**Activity**
Among the entries below, take the line with "No Boundaries Light" and the line with "大猫様を冷やします。 この時期に多いのが、クーラー、A/Cの修理。 今日も、ダイムラーのエキパンとレシーバータンクの交換です。", and output them and every line between them exactly, with nothing else.
(Data supplied)
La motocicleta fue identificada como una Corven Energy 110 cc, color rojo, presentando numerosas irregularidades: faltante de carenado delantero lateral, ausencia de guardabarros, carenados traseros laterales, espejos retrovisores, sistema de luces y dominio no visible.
(End Data supplied)
(Data supplied)
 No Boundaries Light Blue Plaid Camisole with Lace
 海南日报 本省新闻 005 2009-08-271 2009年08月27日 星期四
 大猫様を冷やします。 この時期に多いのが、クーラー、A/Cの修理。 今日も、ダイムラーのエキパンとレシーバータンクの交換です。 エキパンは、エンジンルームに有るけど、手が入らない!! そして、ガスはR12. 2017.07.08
(End Data supplied)
(Data supplied)
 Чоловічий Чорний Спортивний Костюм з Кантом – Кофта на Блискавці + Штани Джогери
(End Data supplied)
**Exercise result**
 No Boundaries Light Blue Plaid Camisole with Lace
 海南日报 本省新闻 005 2009-08-271 2009年08月27日 星期四
 大猫様を冷やします。 この時期に多いのが、クーラー、A/Cの修理。 今日も、ダイムラーのエキパンとレシーバータンクの交換です。 エキパンは、エンジンルームに有るけど、手が入らない!! そして、ガスはR12. 2017.07.08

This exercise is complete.